I would like to thank the co-sponsors of the debate, the hon. Member for Weston-super-Mare (John Penrose) and the hon. Member for North Ayrshire and Arran (Patricia Gibson), who helped to secure the support of 50 other hon. and right hon. Members to obtain this important debate.

My thanks also go to the Backbench Business Committee—Parliament’s own “Dragons’ Den”—for agreeing to our application. It was only five minutes before we went in that I realised the meeting was going to be broadcast, so I had to get my act together quickly, but we were clearly successful, and we secured this debate for today.

It is well known to family and friends that I love the movies. [Hon. Members: “Hear, hear!”] Thank you. It is still on my bucket list to be an extra in one—I just put that out there. One of my favourite comedies is “Groundhog Day”, in which the character played by Bill Murray has to replay a single day until he sees the error of his ways. For me, today’s debate feels like “Groundhog Day” because we are reliving the same arguments about our uncompetitive energy market, companies’ poor customer service and ripping-off of customers on standard variable tariffs—points I have made for the past six years. The Ministers keep changing, but I am still here, and I hope that the Minister today, like Bill Murray in the film, will break this spell, because, not for the first time, the headlines have, as hon. Members have mentioned, been full of the eye-watering price increases made recently by four of the big six energy companies—price hikes that are completely unjustified.

However, in many respects, that is not the principal reason for this debate. We sought the debate to address the fact that the energy market is not working; it is failing Britain’s consumers in almost every respect. It does not promote effective competition. The regional giants created after privatisation remain the dominant players in their home regions 30 years later. We talk about the big six, but for many regions, it is the big one.

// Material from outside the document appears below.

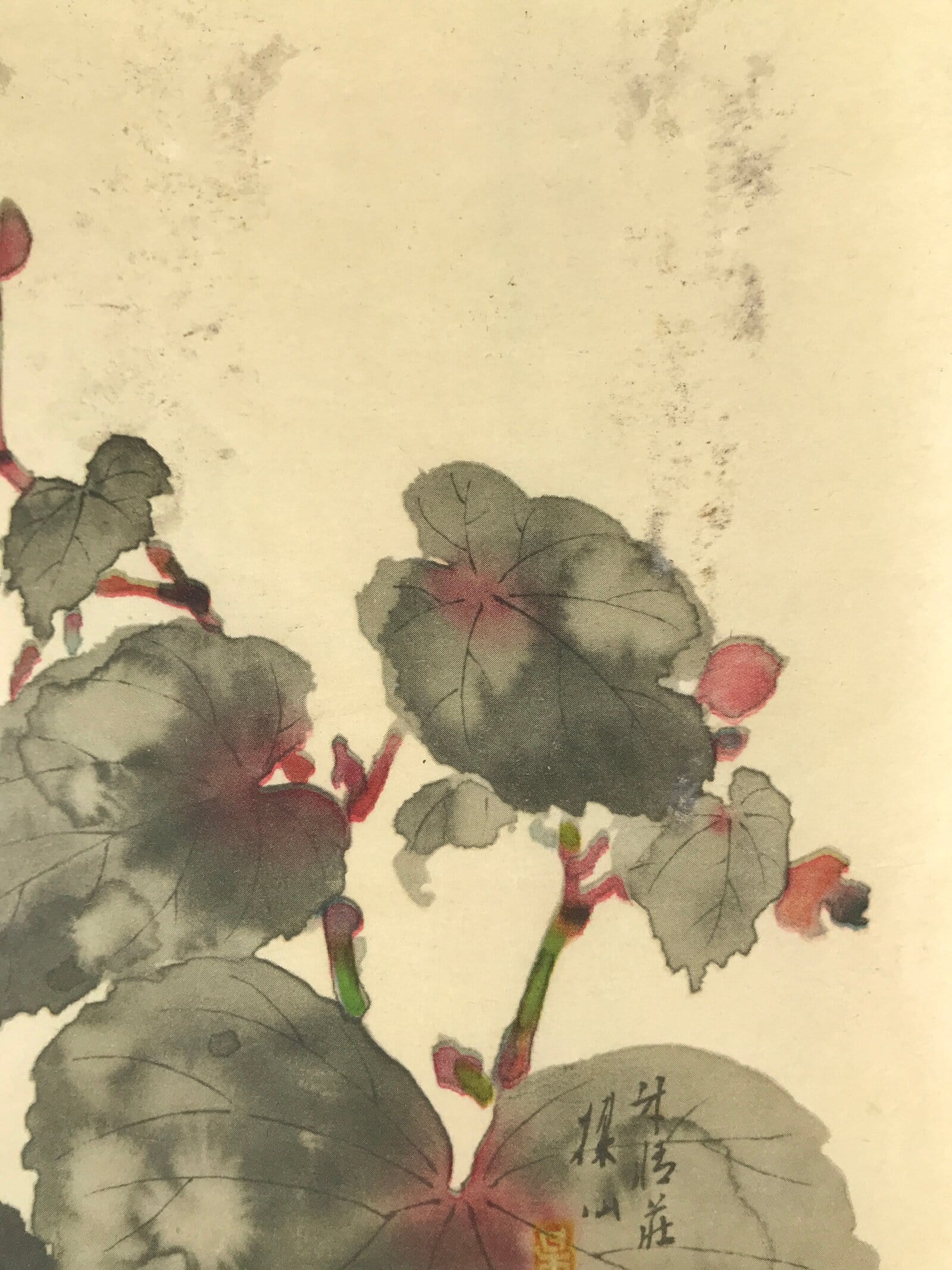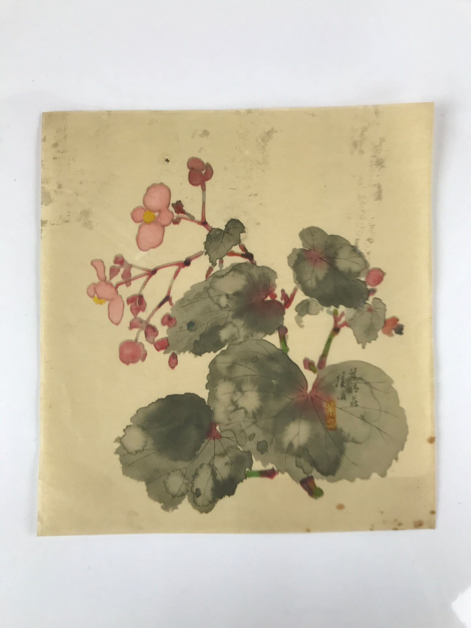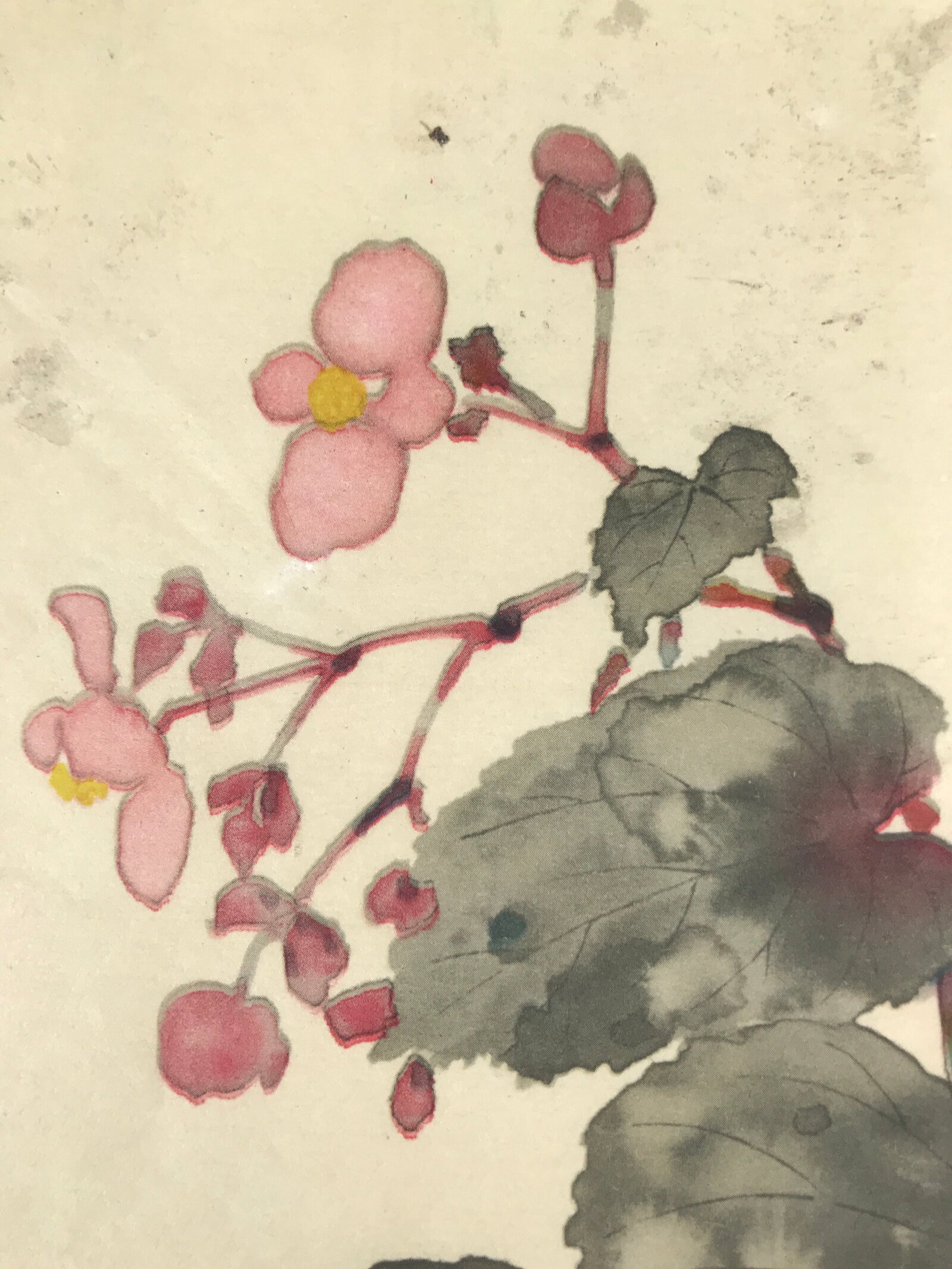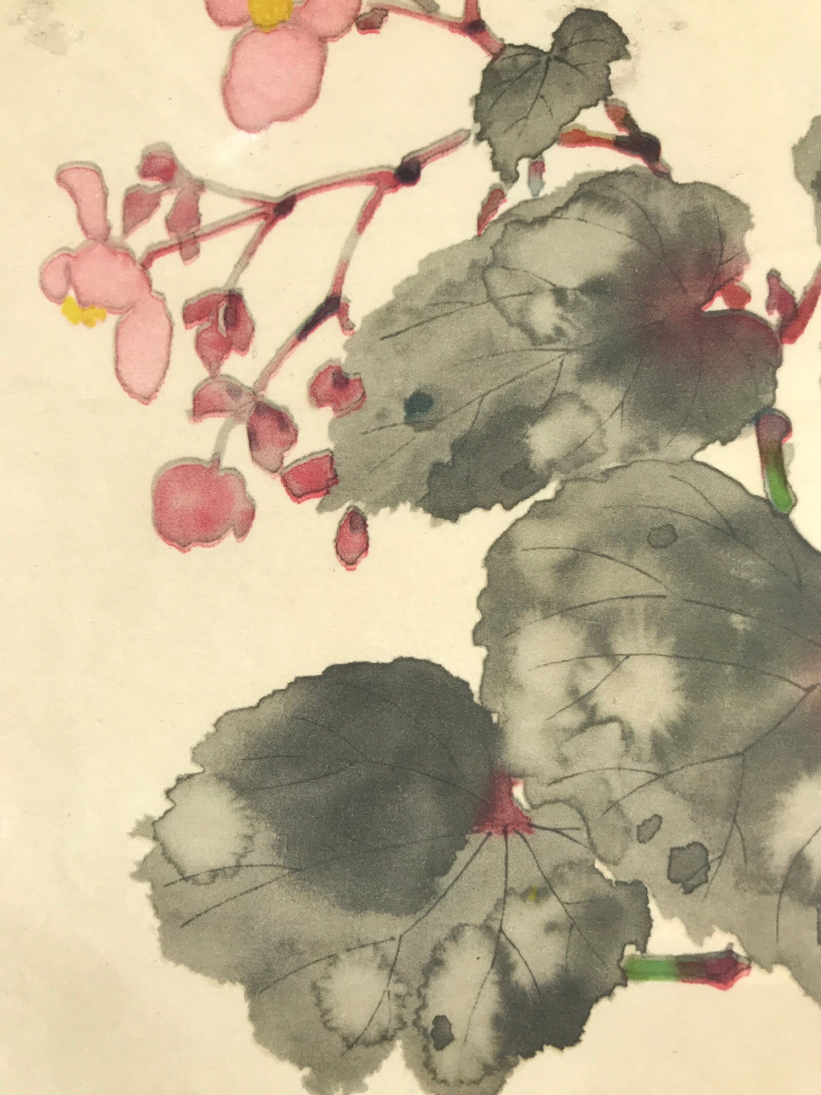 This is a vintage Japanese art reproduction featuring a picture of begonia flowers painted in pink and yellow with begonia leaves painted in gray and red. It is a simple yet dynamic composition.

The energy market also does not promote transparency. In the period following the Thatcher privatisation of British Gas in 1986 and of the regional electricity boards in 1989, there was a succession of mergers and takeovers. That led to companies being, at one and the same time, energy retailers and power generators. Today, the generation and retail arms of these companies remain within pretty much the same corporate structures. One consequence of that is a complete lack of transparency over the price at which these companies sell energy to themselves before retailing to the public. The reforms Labour proposed in 2015 would have resolved that.

The energy market does not promote consumer confidence. The issue is not whether, superficially, one company offers a fixed-price deal for £150 less than another; it is why 88% of consumers still refuse to switch from one supplier to another. The evidence from the CMA survey of 7,000 consumers was clear: 56% had never switched supplier, or did not recall ever switching, and 72% had never switched tariff with an existing supplier. This market is suffering a long-term crisis of consumer confidence. While a minority of customers shop around, the vast majority seem to want little or nothing to do with the energy companies.

That is not a sign of contentment—of millions of satisfied customers—but quite the opposite. The CMA found that the number of recorded customer complaints rose sixfold from 2008 to 2014. Ofgem’s own research between 2014 and 2016, which was published in September 2016, found that the proportion of domestic complainants who were very dissatisfied with how their complaint was handled increased significantly over that two-year period. The most recent figures showed that 67% of npower customers and 64% of Scottish Power customers were very dissatisfied. Even the medium-sized and smaller companies were not immune—we cannot let them off the hook. First Utility performed worst, with 63% of customers very dissatisfied. The figure for Utility Warehouse was 53%, and for OVO, it was 49%.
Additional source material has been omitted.